1) Who is Paul writing to and what is he referencing when stating, “as it is written”, in verse 10?

2) Why does Paul include Old Testament references in verse 10-18?

3) Why does Paul make a point of calling everyone a sinner in verse 23?

Romans 3:10-18, 23

10 as it is written:
There is no one righteous, not even one.
11 There is no one who understands;
there is no one who seeks God.
12 All have turned away;
all alike have become worthless.
There is no one who does what is good,
not even one.
13 Their throat is an open grave;
they deceive with their tongues.
Vipers’ venom is under their lips.
14 Their mouth is full of cursing and bitterness.
15 Their feet are swift to shed blood;
16 ruin and wretchedness are in their paths,
17 and the path of peace they have not known.
18 There is no fear of God before their eyes.

23 For all have sinned and fall short of the glory of God;

Original Intent

1) Who is Paul writing to and what is he referencing when stating, “as it is written”, in verse 10?
Paul is writing this letter to the Christian believers who were living in Rome.
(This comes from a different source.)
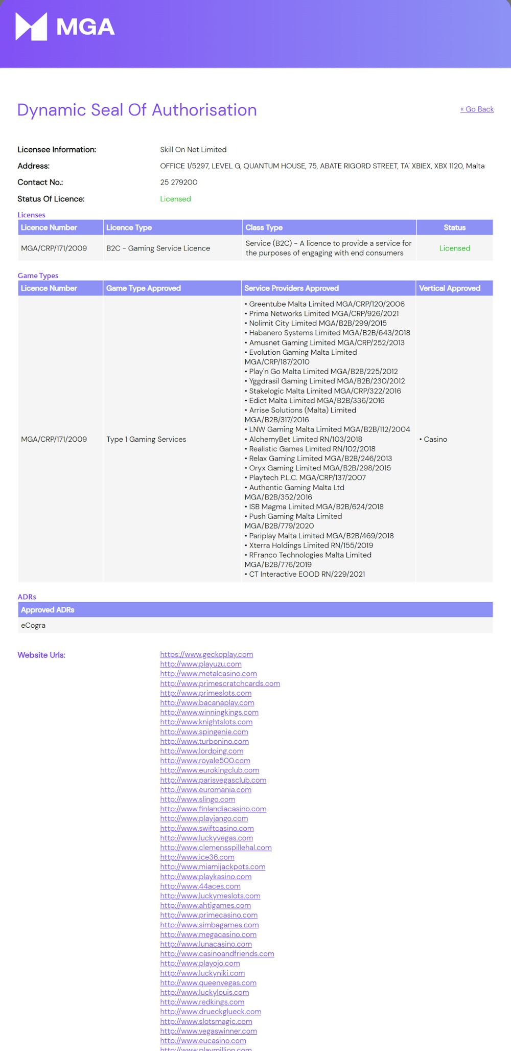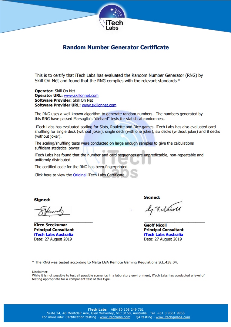 Below you can see the Skill On Net's MGA licence and the LuckyNiki domain in the valid certification. All the details are verified, meaning LuckyNiki is truly licensed by the Malta Gaming Authority.
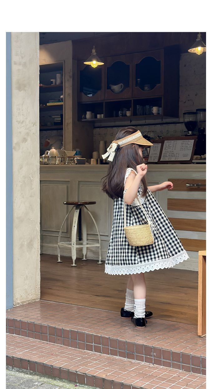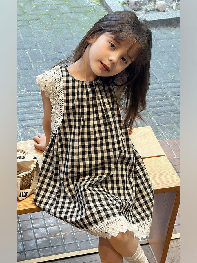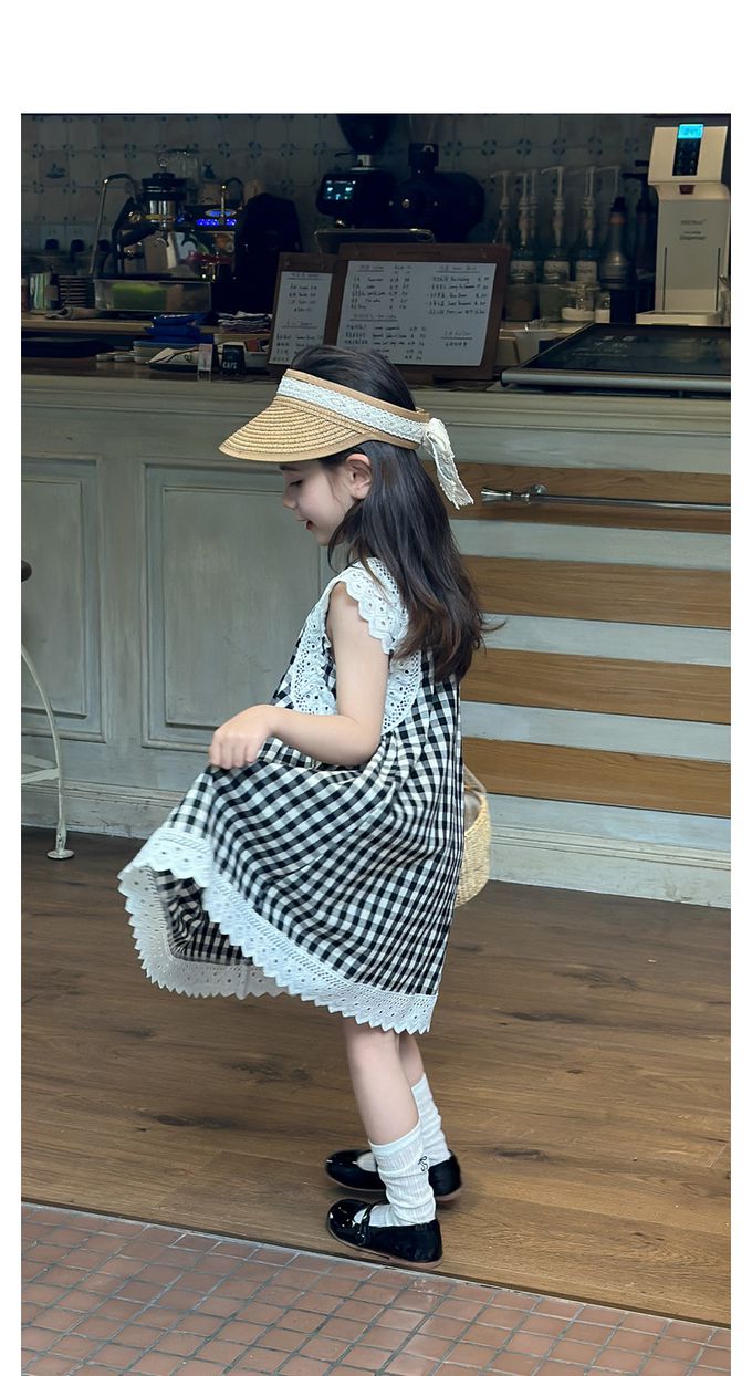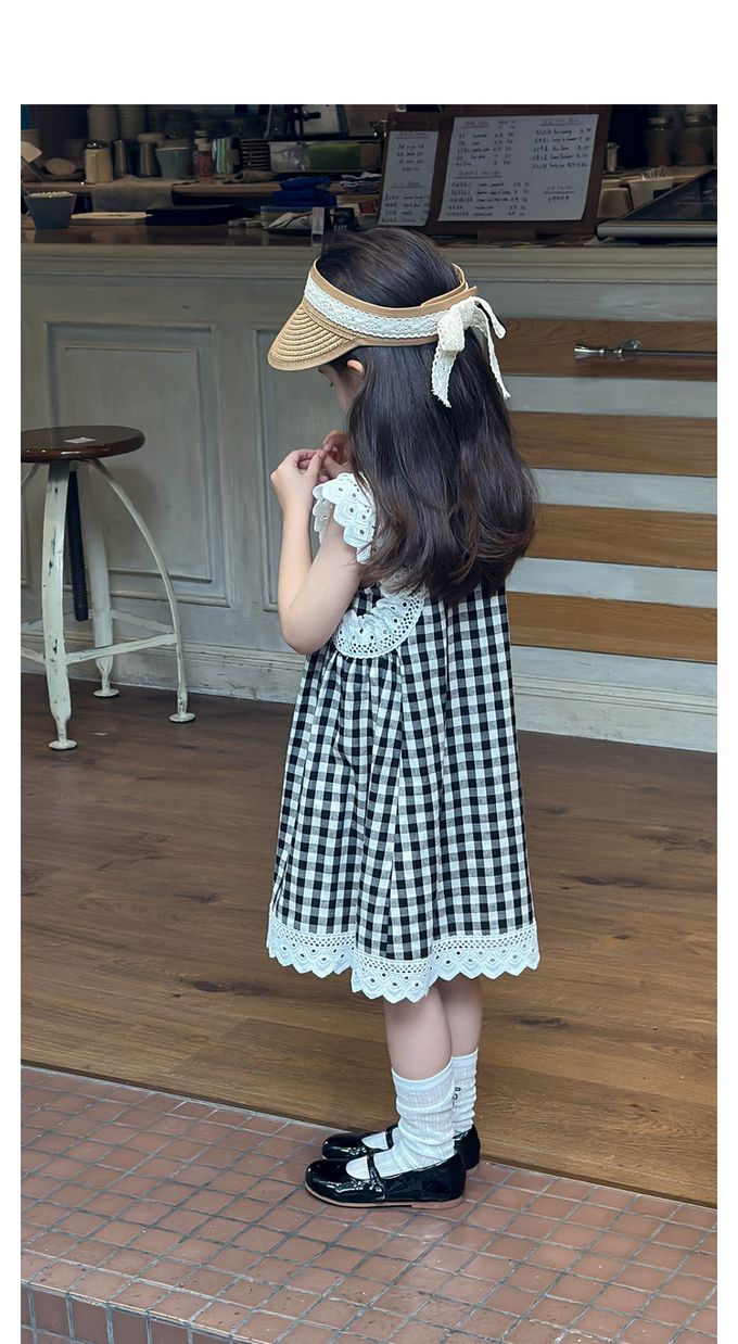 純棉蕾絲拼接無袖洋裝-格子-黑色

The church in Rome consisted of both Jewish and Gentile believers. The Jewish believers would have been familiar with the Scripture Paul referenced, which is why he says, “as it is written” as means of reminding them of the prophecies they had grown up learning. Paul is looking backwards to what was written in the books of Psalm and Isaiah generations ago to support his primary statement that neither Jew nor Greek are excused from sin and its consequences. (verse 9) He begins by taking his audience back to Psalm 14:1-3 in verses 10-12, pointing out that even the famed King David wrote of all people being under sin. He then moves to Psalm 5:9  and Psalm 10:7 in verses 13-14 to showcase the deadly result of sin. Paul then switches to Isaiah 59:7-8 in verses 15-17 and finally Psalm 36:1 in verse 18 to emphasize the severed relationship between God and sinner, “the path of peace they have not known. There is no fear of God in their eyes.” Paul’s usage of familiar Old Testament texts are the grounds he uses to build his argument to the self-righteous Jews that all are sinners, including themselves, regardless of their so-called “holy” lineage as God’s chosen people.
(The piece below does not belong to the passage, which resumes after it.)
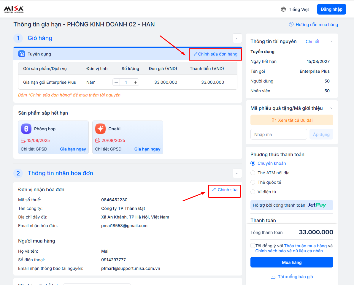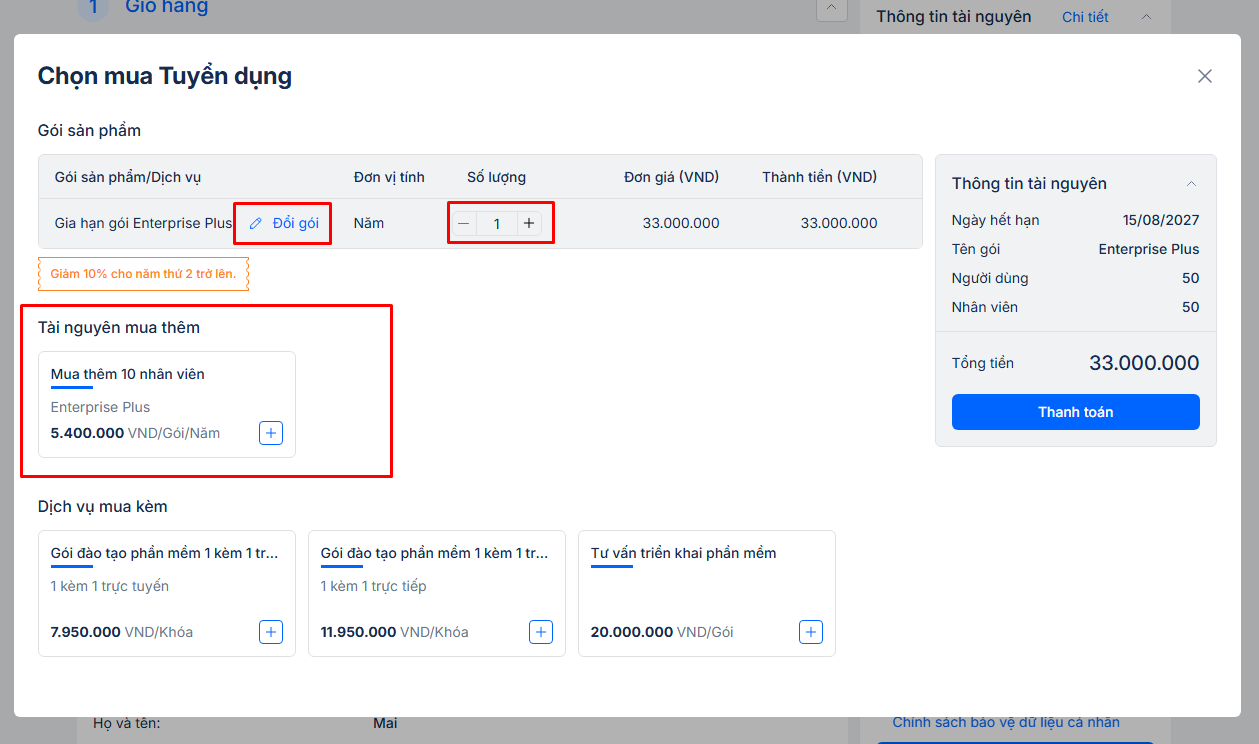 Bước 3: Phần mềm tự động lấy lên giỏ hàng gói 10 nhân viên mua thêm tối thiểu theo loại gói thuê bao đang sử dụng\ Nhấn chỉnh sửa để chọn lại tài nguyên mua thêm.

2) Why does Paul include Old Testament references in verse 10-18?
Romans 3 begins by reminding the Roman believers of an unchanging reality; while they are unrighteous and sinful, God is, and always will be, faithful and righteous. (verses 3-5) With this foundation, Paul begins referencing the Old Testament passages where he reminds believers of what has always been true of the Jews’ lost spiritual state before God, even long before Jesus’ arrival as an infant. He reminds his audience they are all sinners just like those who had gone before them. Of their own merit, it was absolutely impossible to attain a “good status” before a perfectly righteous God, because true goodness only originates with God Himself. Any “good” we do is already tainted by sin by the time we even conceive it in our minds. It was absolutely essential that Paul’s listeners understood the fundamental truths of humanity’s sin-nature and God’s divinely good and righteous nature. If we continue reading in Romans 3:21-26, Paul reminds his audience of the only One who is good and the only One who provides hope, Jesus. However, in order for the sacrifice of Jesus to hold value, the Roman believers must first understand they can never be good enough, or do enough good, to earn salvation for themselves. Salvation is the gift of Jesus because of God’s good love for His creation.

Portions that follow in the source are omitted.